## [Activity]
Print the listing exactly as it stands. Skip every picture.

## [Input data]
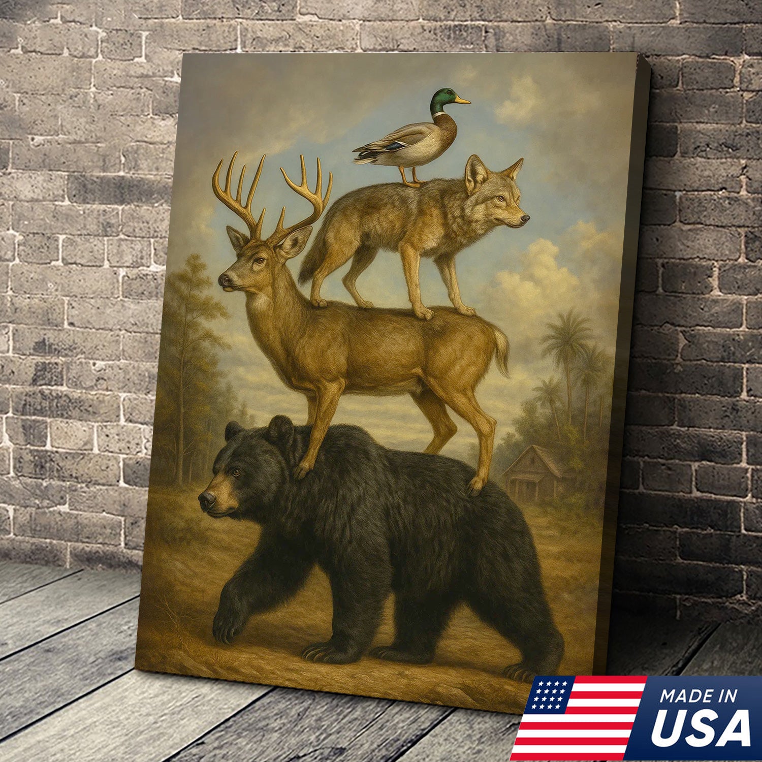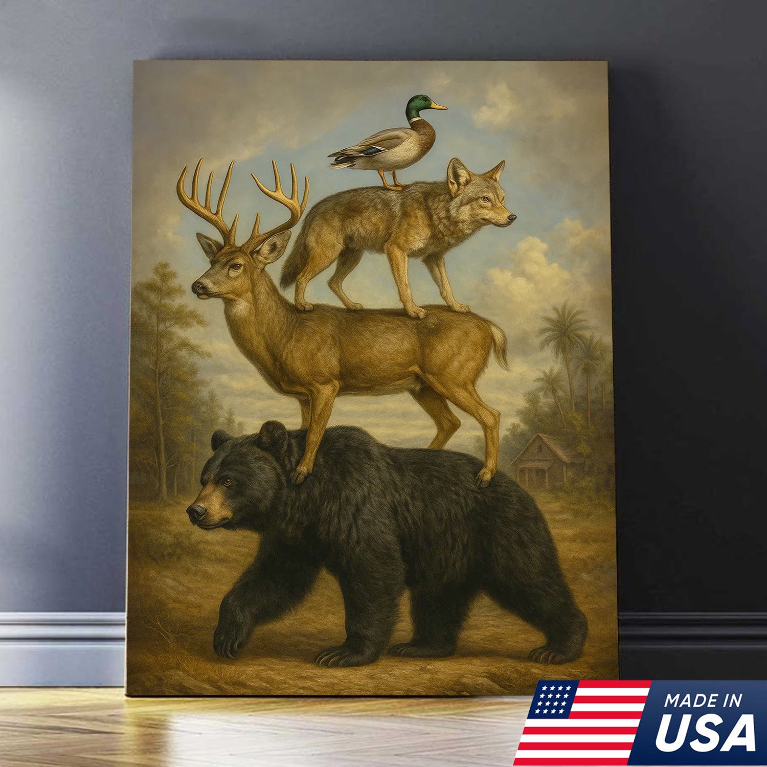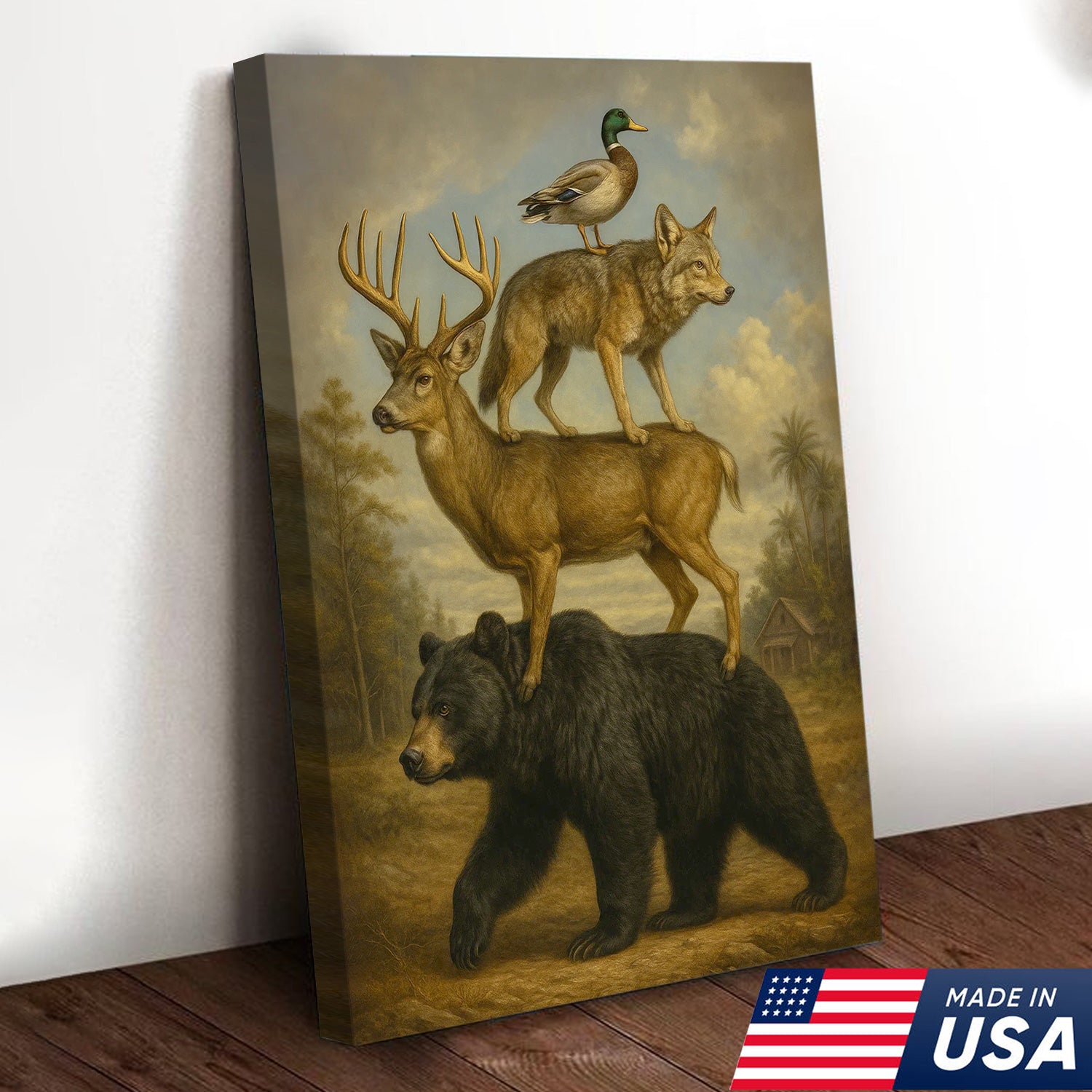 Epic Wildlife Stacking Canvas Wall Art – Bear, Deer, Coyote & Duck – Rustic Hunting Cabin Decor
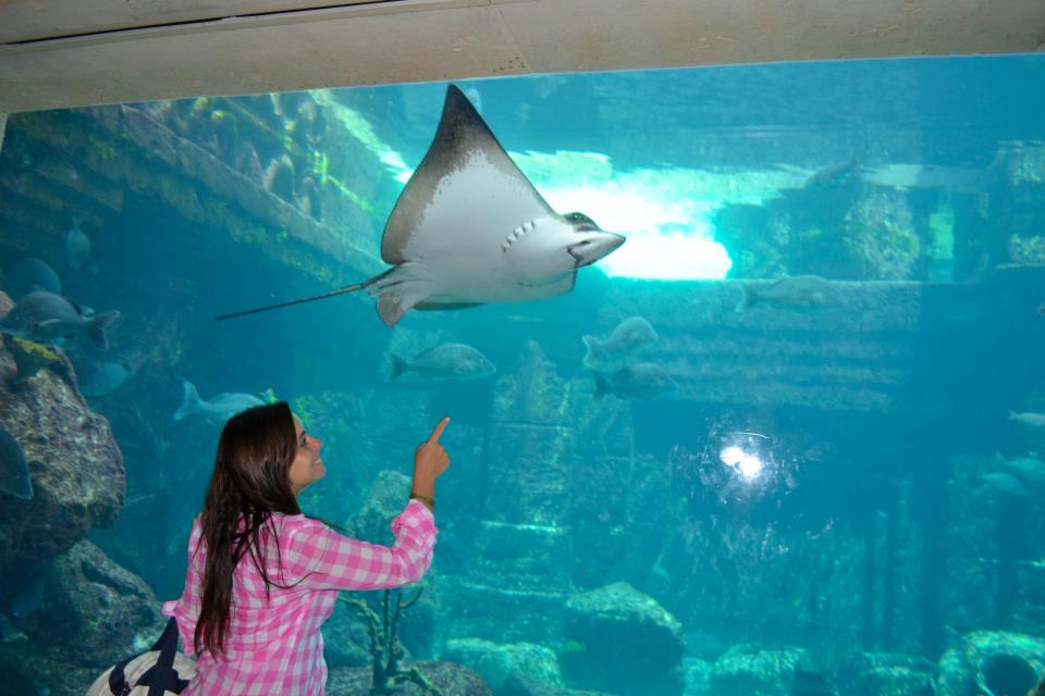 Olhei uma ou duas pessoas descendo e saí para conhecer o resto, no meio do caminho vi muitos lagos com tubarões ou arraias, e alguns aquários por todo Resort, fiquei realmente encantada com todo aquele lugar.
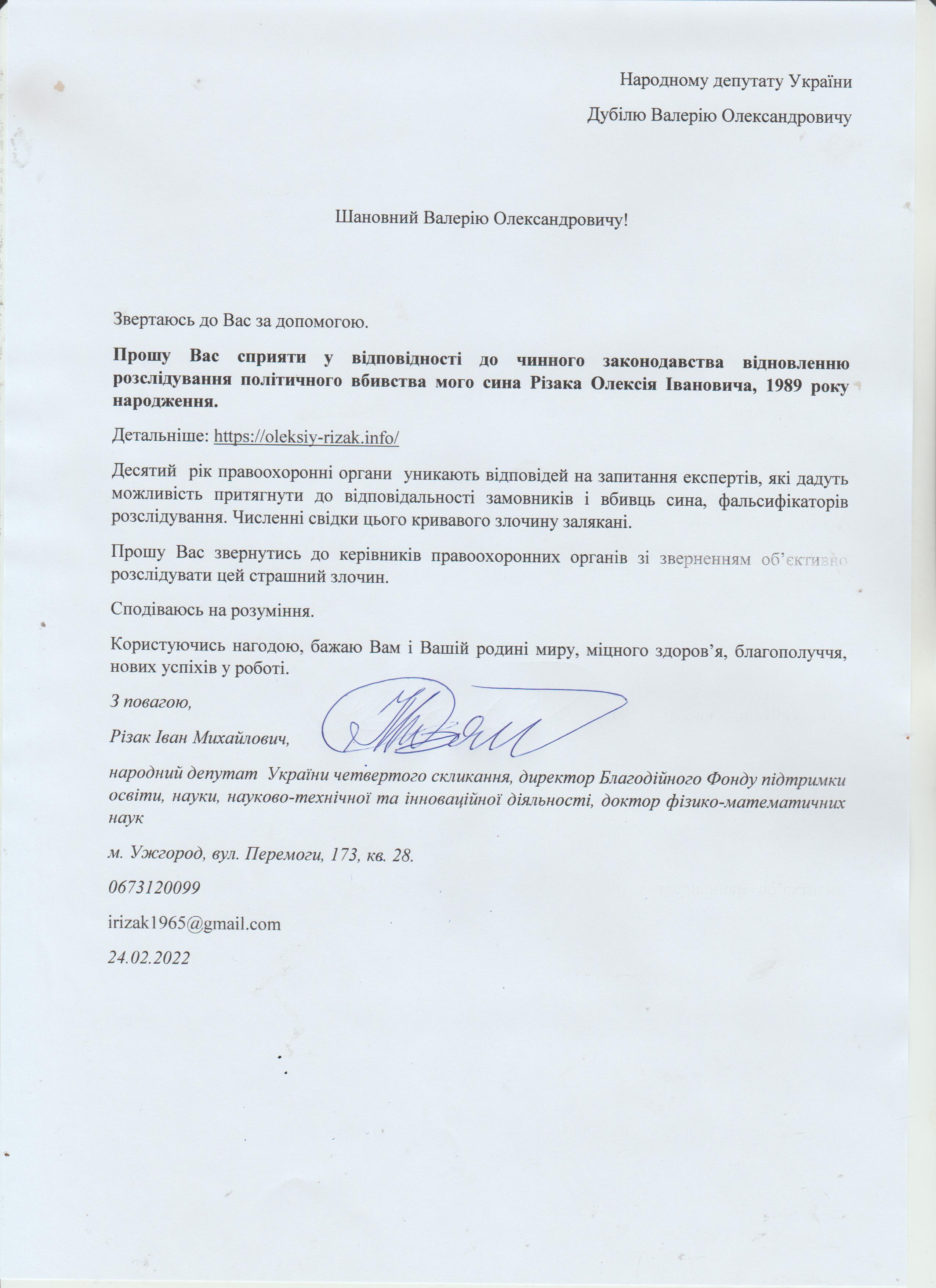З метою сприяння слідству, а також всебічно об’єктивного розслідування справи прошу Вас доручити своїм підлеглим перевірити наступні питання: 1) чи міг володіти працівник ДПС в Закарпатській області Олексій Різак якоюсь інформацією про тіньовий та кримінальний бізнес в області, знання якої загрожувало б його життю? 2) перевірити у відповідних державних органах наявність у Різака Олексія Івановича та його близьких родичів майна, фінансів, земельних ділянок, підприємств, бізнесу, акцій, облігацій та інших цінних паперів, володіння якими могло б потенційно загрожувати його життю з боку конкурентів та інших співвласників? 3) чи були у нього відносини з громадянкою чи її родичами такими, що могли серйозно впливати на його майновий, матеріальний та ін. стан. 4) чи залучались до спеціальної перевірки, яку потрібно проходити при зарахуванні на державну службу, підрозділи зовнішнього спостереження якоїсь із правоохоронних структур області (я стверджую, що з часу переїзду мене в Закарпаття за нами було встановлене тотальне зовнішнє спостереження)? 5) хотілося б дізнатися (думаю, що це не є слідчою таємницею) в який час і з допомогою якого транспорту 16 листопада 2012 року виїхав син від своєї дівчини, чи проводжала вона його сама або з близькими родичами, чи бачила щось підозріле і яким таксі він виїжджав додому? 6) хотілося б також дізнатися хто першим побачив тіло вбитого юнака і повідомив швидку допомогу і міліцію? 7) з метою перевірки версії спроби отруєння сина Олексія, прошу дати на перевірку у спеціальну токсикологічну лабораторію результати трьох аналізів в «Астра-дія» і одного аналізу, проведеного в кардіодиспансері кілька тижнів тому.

## [Response to the exercise]
 Epic Wildlife Stacking Canvas Wall Art – Bear, Deer, Coyote & Duck – Rustic Hunting Cabin Decor
 Olhei uma ou duas pessoas descendo e saí para conhecer o resto, no meio do caminho vi muitos lagos com tubarões ou arraias, e alguns aquários por todo Resort, fiquei realmente encantada com todo aquele lugar.
З метою сприяння слідству, а також всебічно об’єктивного розслідування справи прошу Вас доручити своїм підлеглим перевірити наступні питання: 1) чи міг володіти працівник ДПС в Закарпатській області Олексій Різак якоюсь інформацією про тіньовий та кримінальний бізнес в області, знання якої загрожувало б його життю? 2) перевірити у відповідних державних органах наявність у Різака Олексія Івановича та його близьких родичів майна, фінансів, земельних ділянок, підприємств, бізнесу, акцій, облігацій та інших цінних паперів, володіння якими могло б потенційно загрожувати його життю з боку конкурентів та інших співвласників? 3) чи були у нього відносини з громадянкою чи її родичами такими, що могли серйозно впливати на його майновий, матеріальний та ін. стан. 4) чи залучались до спеціальної перевірки, яку потрібно проходити при зарахуванні на державну службу, підрозділи зовнішнього спостереження якоїсь із правоохоронних структур області (я стверджую, що з часу переїзду мене в Закарпаття за нами було встановлене тотальне зовнішнє спостереження)? 5) хотілося б дізнатися (думаю, що це не є слідчою таємницею) в який час і з допомогою якого транспорту 16 листопада 2012 року виїхав син від своєї дівчини, чи проводжала вона його сама або з близькими родичами, чи бачила щось підозріле і яким таксі він виїжджав додому? 6) хотілося б також дізнатися хто першим побачив тіло вбитого юнака і повідомив швидку допомогу і міліцію? 7) з метою перевірки версії спроби отруєння сина Олексія, прошу дати на перевірку у спеціальну токсикологічну лабораторію результати трьох аналізів в «Астра-дія» і одного аналізу, проведеного в кардіодиспансері кілька тижнів тому.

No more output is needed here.